Please, from the entries below, transcribe exactly the lines that begin at the line with "井野口隆一朗さんの天運は18画の4点!" and end at the line with "Бессант вже заявив, що", without the pictures.

***** GIVEN DATA *****

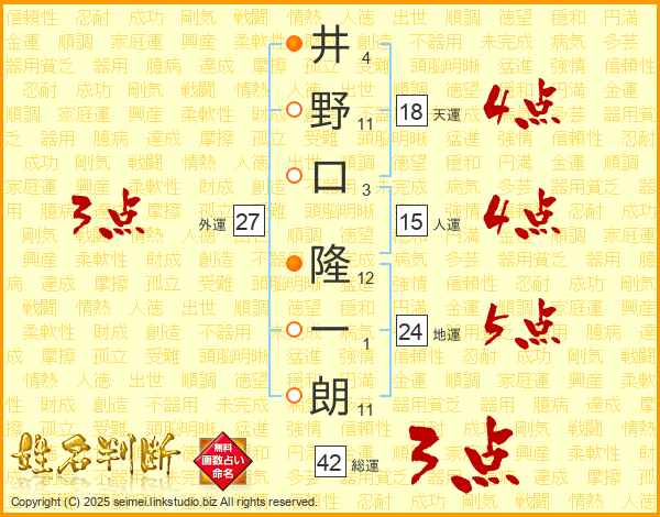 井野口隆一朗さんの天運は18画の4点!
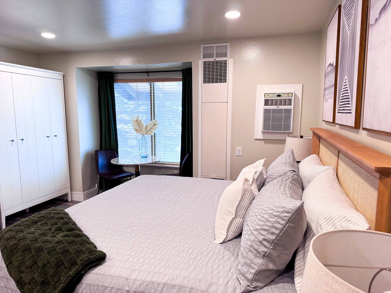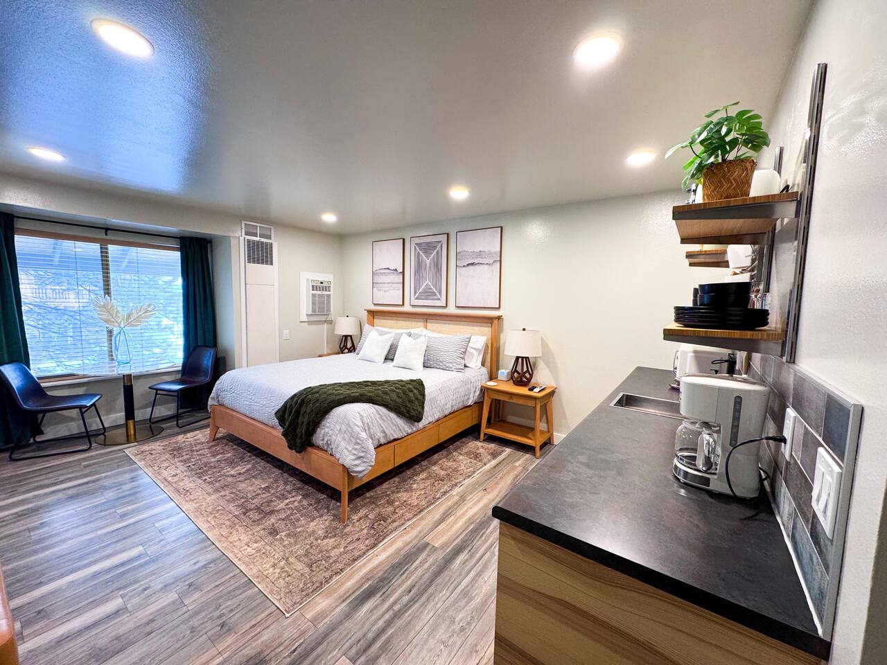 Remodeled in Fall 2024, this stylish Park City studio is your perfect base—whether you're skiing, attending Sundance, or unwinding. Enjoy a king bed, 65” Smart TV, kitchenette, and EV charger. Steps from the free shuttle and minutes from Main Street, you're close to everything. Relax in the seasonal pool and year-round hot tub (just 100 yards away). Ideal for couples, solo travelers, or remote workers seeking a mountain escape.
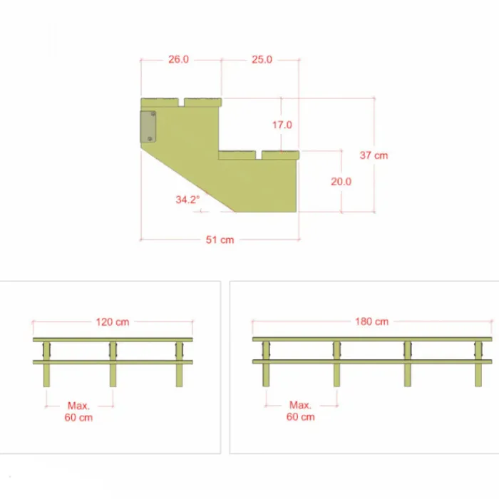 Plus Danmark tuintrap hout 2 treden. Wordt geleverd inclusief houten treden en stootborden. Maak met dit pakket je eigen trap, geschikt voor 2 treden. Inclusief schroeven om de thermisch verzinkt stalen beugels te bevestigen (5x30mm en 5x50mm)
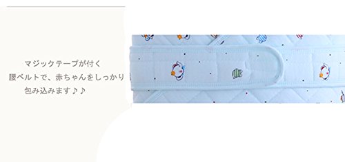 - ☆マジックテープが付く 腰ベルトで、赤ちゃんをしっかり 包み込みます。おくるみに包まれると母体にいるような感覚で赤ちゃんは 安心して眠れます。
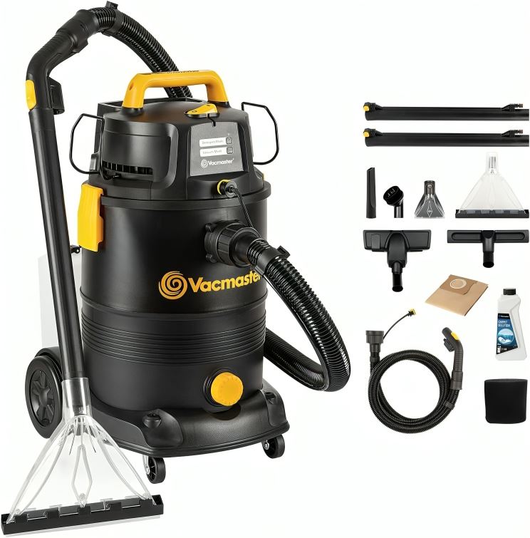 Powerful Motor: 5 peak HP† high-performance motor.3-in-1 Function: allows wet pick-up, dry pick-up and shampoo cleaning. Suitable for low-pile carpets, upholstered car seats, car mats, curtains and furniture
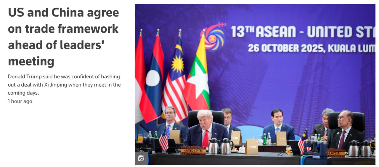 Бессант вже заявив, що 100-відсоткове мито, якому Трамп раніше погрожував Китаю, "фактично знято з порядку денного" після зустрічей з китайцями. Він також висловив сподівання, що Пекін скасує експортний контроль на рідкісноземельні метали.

*****
***** GIVEN DATA *****

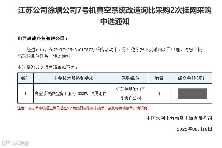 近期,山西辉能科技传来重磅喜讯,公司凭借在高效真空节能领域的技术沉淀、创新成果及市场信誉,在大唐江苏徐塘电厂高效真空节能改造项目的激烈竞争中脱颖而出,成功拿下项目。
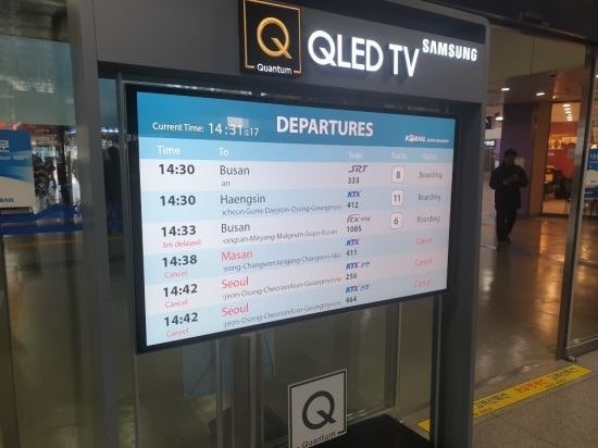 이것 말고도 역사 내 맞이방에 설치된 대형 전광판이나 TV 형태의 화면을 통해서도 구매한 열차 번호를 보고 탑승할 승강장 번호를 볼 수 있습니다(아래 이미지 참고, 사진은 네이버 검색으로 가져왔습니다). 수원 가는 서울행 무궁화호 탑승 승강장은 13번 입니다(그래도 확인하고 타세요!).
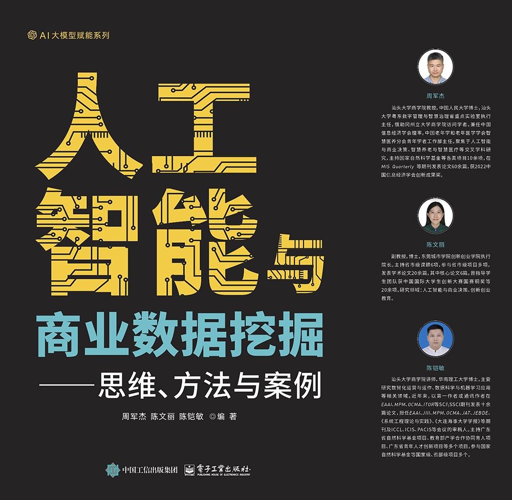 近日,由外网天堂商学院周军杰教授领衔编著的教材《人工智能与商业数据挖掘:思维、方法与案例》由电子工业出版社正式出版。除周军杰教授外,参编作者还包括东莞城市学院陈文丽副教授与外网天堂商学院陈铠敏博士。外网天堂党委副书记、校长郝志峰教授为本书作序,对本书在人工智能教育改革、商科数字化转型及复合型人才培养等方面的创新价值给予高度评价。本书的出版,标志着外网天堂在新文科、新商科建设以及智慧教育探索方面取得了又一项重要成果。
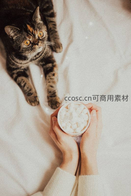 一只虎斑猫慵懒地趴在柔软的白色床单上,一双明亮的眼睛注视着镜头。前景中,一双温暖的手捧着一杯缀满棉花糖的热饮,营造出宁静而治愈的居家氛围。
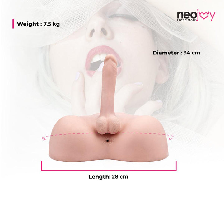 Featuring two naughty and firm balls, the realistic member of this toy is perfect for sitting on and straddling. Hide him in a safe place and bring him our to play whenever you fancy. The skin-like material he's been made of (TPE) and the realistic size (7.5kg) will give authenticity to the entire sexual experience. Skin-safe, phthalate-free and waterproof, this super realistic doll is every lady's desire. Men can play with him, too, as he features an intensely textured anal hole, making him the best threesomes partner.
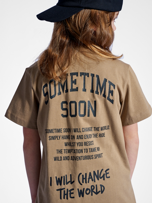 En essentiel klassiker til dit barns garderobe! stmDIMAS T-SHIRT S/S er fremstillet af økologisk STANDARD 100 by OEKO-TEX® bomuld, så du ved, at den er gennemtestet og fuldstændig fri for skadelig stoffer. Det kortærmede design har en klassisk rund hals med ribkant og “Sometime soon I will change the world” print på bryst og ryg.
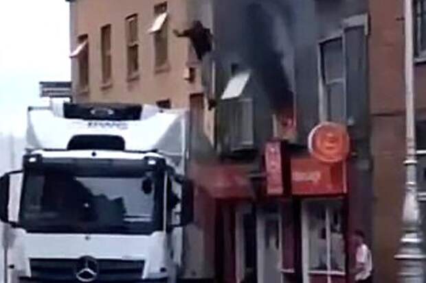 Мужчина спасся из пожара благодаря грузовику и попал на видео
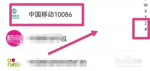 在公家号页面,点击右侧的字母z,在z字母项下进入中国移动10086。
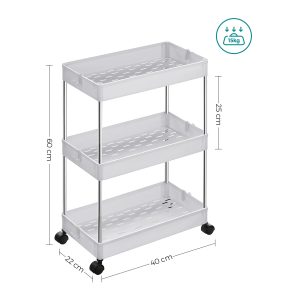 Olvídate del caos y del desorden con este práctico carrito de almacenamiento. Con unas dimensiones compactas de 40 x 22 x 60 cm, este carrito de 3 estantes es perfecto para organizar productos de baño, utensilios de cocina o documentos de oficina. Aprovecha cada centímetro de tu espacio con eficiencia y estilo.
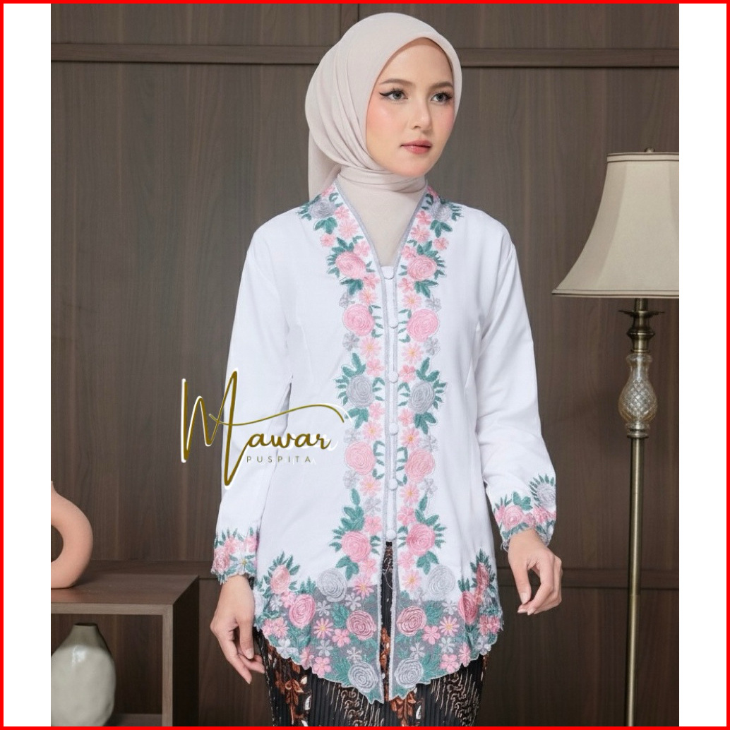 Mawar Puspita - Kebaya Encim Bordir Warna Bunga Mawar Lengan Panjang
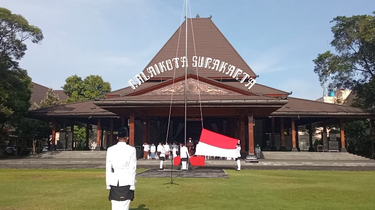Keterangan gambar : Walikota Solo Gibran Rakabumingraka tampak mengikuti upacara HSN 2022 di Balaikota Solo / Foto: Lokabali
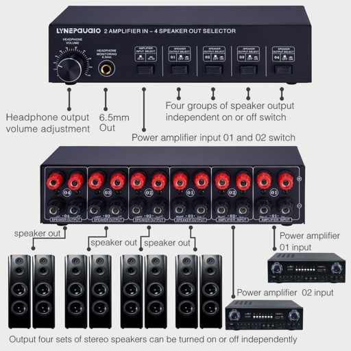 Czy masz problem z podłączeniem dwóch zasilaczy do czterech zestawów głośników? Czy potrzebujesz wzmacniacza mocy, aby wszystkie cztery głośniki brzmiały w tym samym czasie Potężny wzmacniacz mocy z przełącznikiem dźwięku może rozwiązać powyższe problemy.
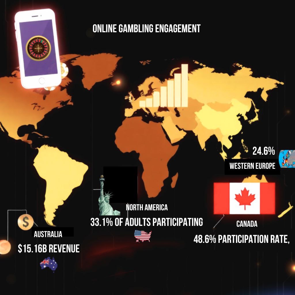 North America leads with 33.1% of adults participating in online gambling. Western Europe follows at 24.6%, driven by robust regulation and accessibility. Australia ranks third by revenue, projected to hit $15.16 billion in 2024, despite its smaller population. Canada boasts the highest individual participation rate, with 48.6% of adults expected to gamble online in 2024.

*****
***** GIVEN DATA *****

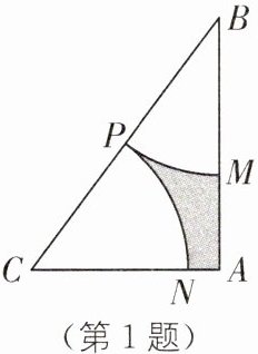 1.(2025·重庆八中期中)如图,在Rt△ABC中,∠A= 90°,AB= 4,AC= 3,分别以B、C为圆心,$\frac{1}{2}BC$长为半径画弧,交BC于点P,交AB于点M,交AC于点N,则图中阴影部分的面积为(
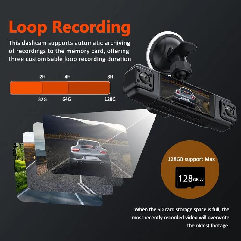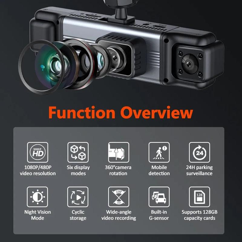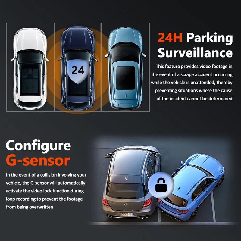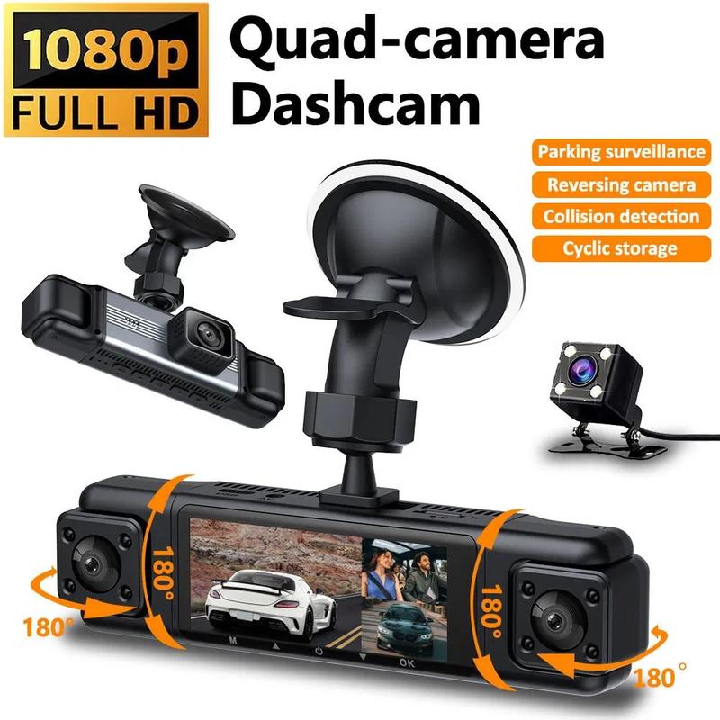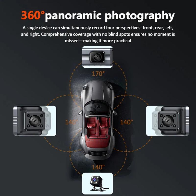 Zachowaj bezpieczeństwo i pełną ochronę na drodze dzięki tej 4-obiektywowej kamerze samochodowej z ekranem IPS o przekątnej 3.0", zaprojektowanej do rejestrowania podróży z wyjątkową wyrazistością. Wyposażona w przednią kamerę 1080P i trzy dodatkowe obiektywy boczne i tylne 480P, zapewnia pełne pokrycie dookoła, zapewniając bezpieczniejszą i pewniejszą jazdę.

*****

RESULT:
 井野口隆一朗さんの天運は18画の4点!
 Remodeled in Fall 2024, this stylish Park City studio is your perfect base—whether you're skiing, attending Sundance, or unwinding. Enjoy a king bed, 65” Smart TV, kitchenette, and EV charger. Steps from the free shuttle and minutes from Main Street, you're close to everything. Relax in the seasonal pool and year-round hot tub (just 100 yards away). Ideal for couples, solo travelers, or remote workers seeking a mountain escape.
 Plus Danmark tuintrap hout 2 treden. Wordt geleverd inclusief houten treden en stootborden. Maak met dit pakket je eigen trap, geschikt voor 2 treden. Inclusief schroeven om de thermisch verzinkt stalen beugels te bevestigen (5x30mm en 5x50mm)
 - ☆マジックテープが付く 腰ベルトで、赤ちゃんをしっかり 包み込みます。おくるみに包まれると母体にいるような感覚で赤ちゃんは 安心して眠れます。
 Powerful Motor: 5 peak HP† high-performance motor.3-in-1 Function: allows wet pick-up, dry pick-up and shampoo cleaning. Suitable for low-pile carpets, upholstered car seats, car mats, curtains and furniture
 Бессант вже заявив, що 100-відсоткове мито, якому Трамп раніше погрожував Китаю, "фактично знято з порядку денного" після зустрічей з китайцями. Він також висловив сподівання, що Пекін скасує експортний контроль на рідкісноземельні метали.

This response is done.